● What this task involves: Copy the lines of the data below exactly, starting at the first and stopping after the line that contains "On Trifolium pratense"; include no pictures.

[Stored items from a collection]

☆ ☆ ☆ ☆ ☆ ☆ ☆

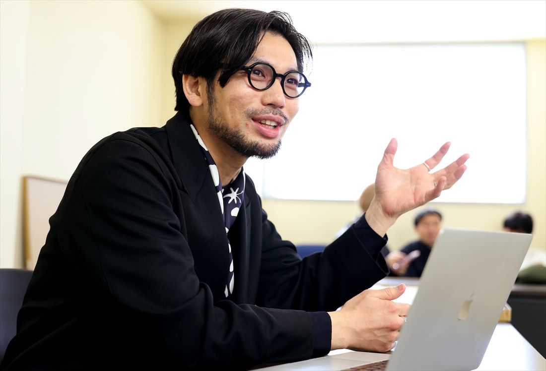 ラッピング電車のクリエイティブディレクターを務めたヘラルボニーの桑山知之氏(撮影:尾形文繁)
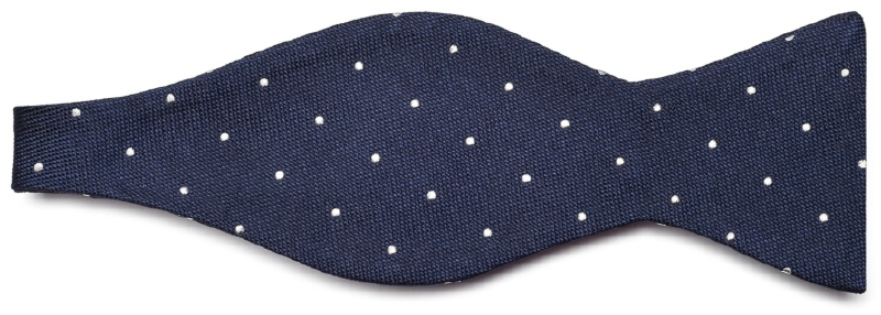 Elegancka granatowa mucha wiązana w białe kropki
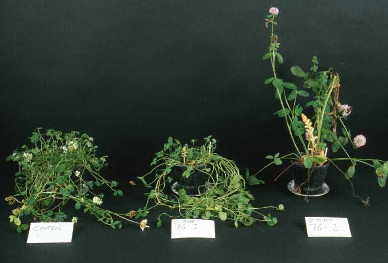 On Trifolium pratense (left), T. repens, control. Weed Research Organization photo.
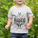 Roligt, stil typografiemblem i cowboyen har titeln "Ja, det här är söt mycket min FÖRSTA RODEO." Emblem accentueras med ljusstrålar, stjärnor och hästskosikon. I ord kan "min" ersättas med ett namn eller ord efter eget val, och stjärnor bredvid den översta titeln kan tas bort. Baksidan har hästskon med redigerbar text nedan, "YEEEEE-HAAWW! Underbar gåva till vilken ung cowboystjärna eller cowgirl-rodeo-stjärna som helst i ditt liv!
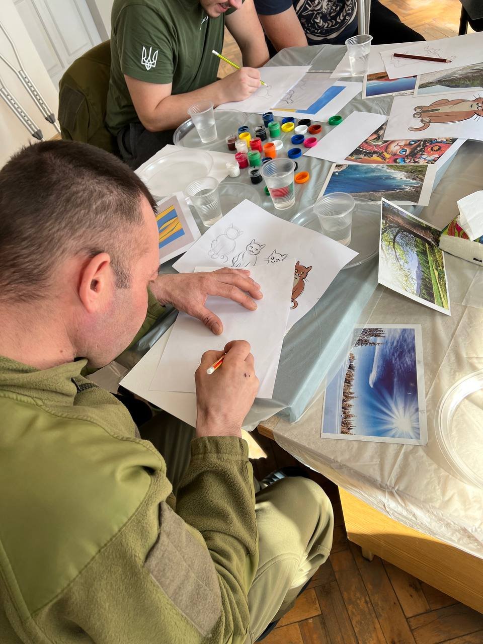Мистецька частина терапії полягала в тому, аби дати можливість захисникам зобразити на полотні все, що вони забажають. Більшість із учасників уперше взяли до рук пензлик, якщо не враховувати шкільні часи, тому дуже невпевнено бралися за фарби, проте вже за кілька хвилин процес захопив військових.
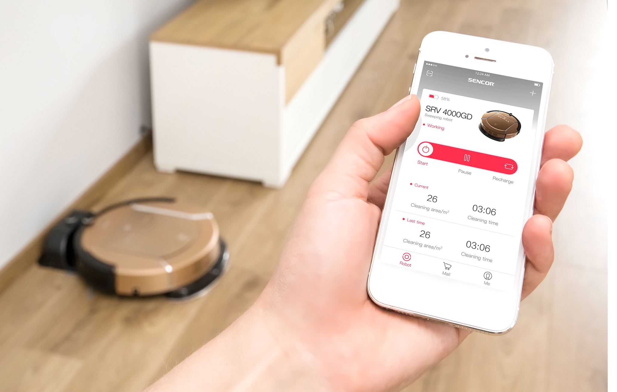 A SRV 4000GD robotporszívó rendkívül csendes, legfeljebb 60 dB-es működési zajjal rendelkezik, így nem zavarja a házi állatokat. A készüléket nagy teljesítményű porszívóval, valamint három forgókefével látták el, ennek köszönhetően szőnyegek takarítására is használható. Ezen tulajdonságát erősíti, hogy akár 2 centiméter vastag szőnyegre is képes felhajtani. Mivel a készülék meglehetősen nagy, mintegy 120 perces működési idővel rendelkezik, ezért méretéhez képest jókora, 500 ml-es mosható gyűjtőtartállyal szerelték fel. „Működése Cleentinóhoz hasonlóan napra és perce pontosan időzíthető, emellett a mobilalkalmazásnak, valamint a készülék wifi-kapcsolatának köszönhetően akár otthonunktól távol is vezérelhetjük” – hívta fel a figyelmet a Sencor termékmenedzsere. Az alkalmazás, vagy a távirányító segítségével négyféle - takarítási program - így fal melletti, kis területen történő, véletlenszerű, valamint minden felületet kétszer takarító – program közül választhatnak a felhasználók.
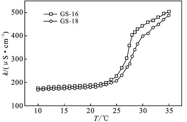 2.2.1 Krafft温度Krafft温度影响表面活性剂溶解度,表面活性剂在此温度以上可以形成胶束。在Krafft温度以下,以单分散的表面活性剂与水化固体表面活性剂的状态存在,而在Krafft温度以上,水化固体表面活性剂的溶解和胶束形成也参与了平衡[9-10]。质量分数1%表面活性剂GS-12,在室温可以完全溶解,将其溶液置于冰水混合物中1周,溶液仍然澄清透明,没有浑浊的迹象。表明GS-12的Krafft温度低于0℃。通过测量电导率可以得到Krafft温度的近似值,由图3可知,GS-16,GS-18的Krafft温度分别为27,27.5℃。k值在较低温度下缓慢增加,这是由于离子表面活性剂的溶解度有限。随着温度的进一步升高,Krafft温度处的k值急剧增加。k值的增加是由于胶束的形成,水合表面活性剂的溶解度突然增加,直至达到克拉夫特温度。此外,离子迁移率增加随着温度增加、k逐渐增加[3,10]。结果表明,Gemini表面活性剂的Krafft温度随表面活性剂的疏水链长的增加而升高。

☆ ☆ ☆ ☆ ☆ ☆ ☆

● Solution:
 ラッピング電車のクリエイティブディレクターを務めたヘラルボニーの桑山知之氏(撮影:尾形文繁)
 Elegancka granatowa mucha wiązana w białe kropki
 On Trifolium pratense (left), T. repens, control. Weed Research Organization photo.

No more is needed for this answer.